Rewriting Eq. (12) as a function of \({q}_{i}\) yields:

$${q}_{i}=\frac{-{\kappa }_{i}\pm \sqrt{{\kappa }_{i}^{2}-4{\varepsilon }_{i}{\nu }_{i}}}{2{\varepsilon }_{i}}$$
(12)

where \({\kappa }_{i}\), \({\varepsilon }_{i}\), and \({\nu }_{i}\) are defined as (13–15).

$${\kappa }_{i}=2\left({r}_{B}-{r}_{i}cos{\theta }_{L,i}\right)cos\gamma -2{r}_{i}sin{\theta }_{L,i}sin$$
(13)
$${\varepsilon }_{i}=1$$
(14)
$${\nu }_{i}={\left({r}_{i}sin{\theta }_{L,i}\right)}^{2}+{\left({r}_{B}-{r}_{i}cos{\theta }_{L,i}\right)}^{2}-{L}^{2}$$
(15)

Hence, the position of the platform is defined via the kinematic equations.
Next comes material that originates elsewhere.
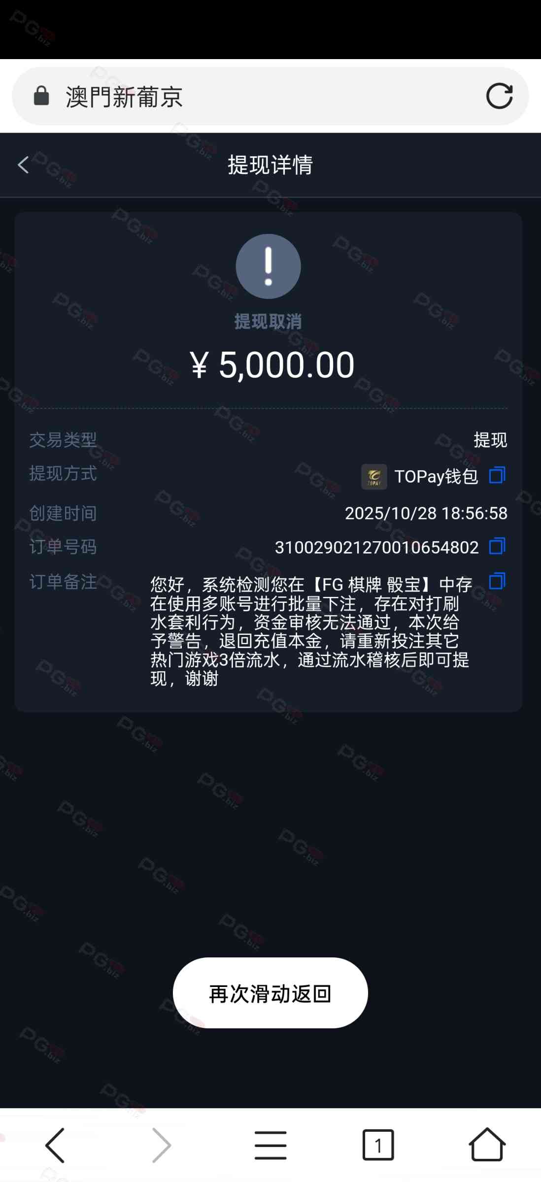 充1000玩FG骰宝玩到5000说我多账号批量投注,太6了,这垃圾台就喜欢找这种理由,退回本金还要三倍流水,直接洗白了

Equation (12) shows that there are two solutions which implies that there could be two configurations of the mechanism which based on the inward and the outward position of the links. However, with this designed mechanism, there is a limitation of the device. The device is designed to work with a regular vehicle and is able to handle the Watts profile hump with maximum height of 76.2 mm. The platform is designed to be able to adjust within a 20–90 degrees range in the yaw direction for an application which track the electrical cable.
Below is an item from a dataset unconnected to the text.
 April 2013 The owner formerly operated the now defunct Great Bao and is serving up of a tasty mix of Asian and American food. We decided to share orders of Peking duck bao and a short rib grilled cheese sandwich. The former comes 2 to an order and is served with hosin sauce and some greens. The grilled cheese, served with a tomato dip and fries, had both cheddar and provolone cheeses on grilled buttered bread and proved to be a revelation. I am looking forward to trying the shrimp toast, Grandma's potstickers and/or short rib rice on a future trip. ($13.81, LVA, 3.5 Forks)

Orientation and position estimation

To stabilize the orientation and position of the camera, the changing orientation and position of the platform’s base must be previously determined. An accelerometer is used to estimate the changes in position, while the IMU sensor is used to estimate the change in orientation. In addition, a sensor fusion process is applied to both data to enhance its accuracy. The changes in orientation and position are then substituted into the inverse kinematic equation of the 3-PRS mechanism. Accordingly, the actuators drive the platform to the desired position. The desired position compensates for the change in position in which the base of the platform is altered due to the motion of the vehicle. Eventually, both the orientation and position of the moving platform reach the desired position.
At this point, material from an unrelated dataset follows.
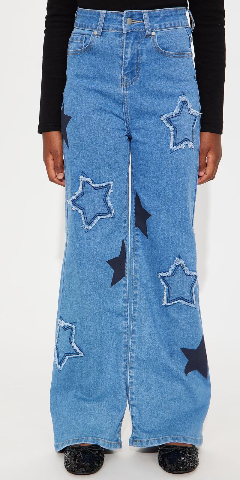 Štýlové detské rifle v stredne modrom odtieni s potlačou hviezd a jemne strapkatými lemami. Pružný denim poskytuje pohodlie pri pohybe a trendový vzhľad na každý deň.

A. Orientation estimation by sensor fusion

To determine orientation by observing the gravity vector, an accelerometer is used. A gyroscope is used to find the change in orientation via dead reckoning. It is noted, however, that the accelerometer and the gyroscope provide poor quality data, which cannot be directly applied to stabilize the system. For the accelerometer, apart from the gravitational acceleration, it also measures the acceleration, which arises by external forces or movement. If any external forces or movements are detected on any equipment while the sensor is reading, the orientation data are considered to be unreliable. Regarding the gyroscope, the process of dead reckoning requires a previous position to estimate the current position. Usually, during the sensor reading, noises and biases are presented. Thus, when noises and biases are included in determining orientation, errors accumulate and can affect the calculated orientation. Such a situation eventually causes the orientation to drift over a period.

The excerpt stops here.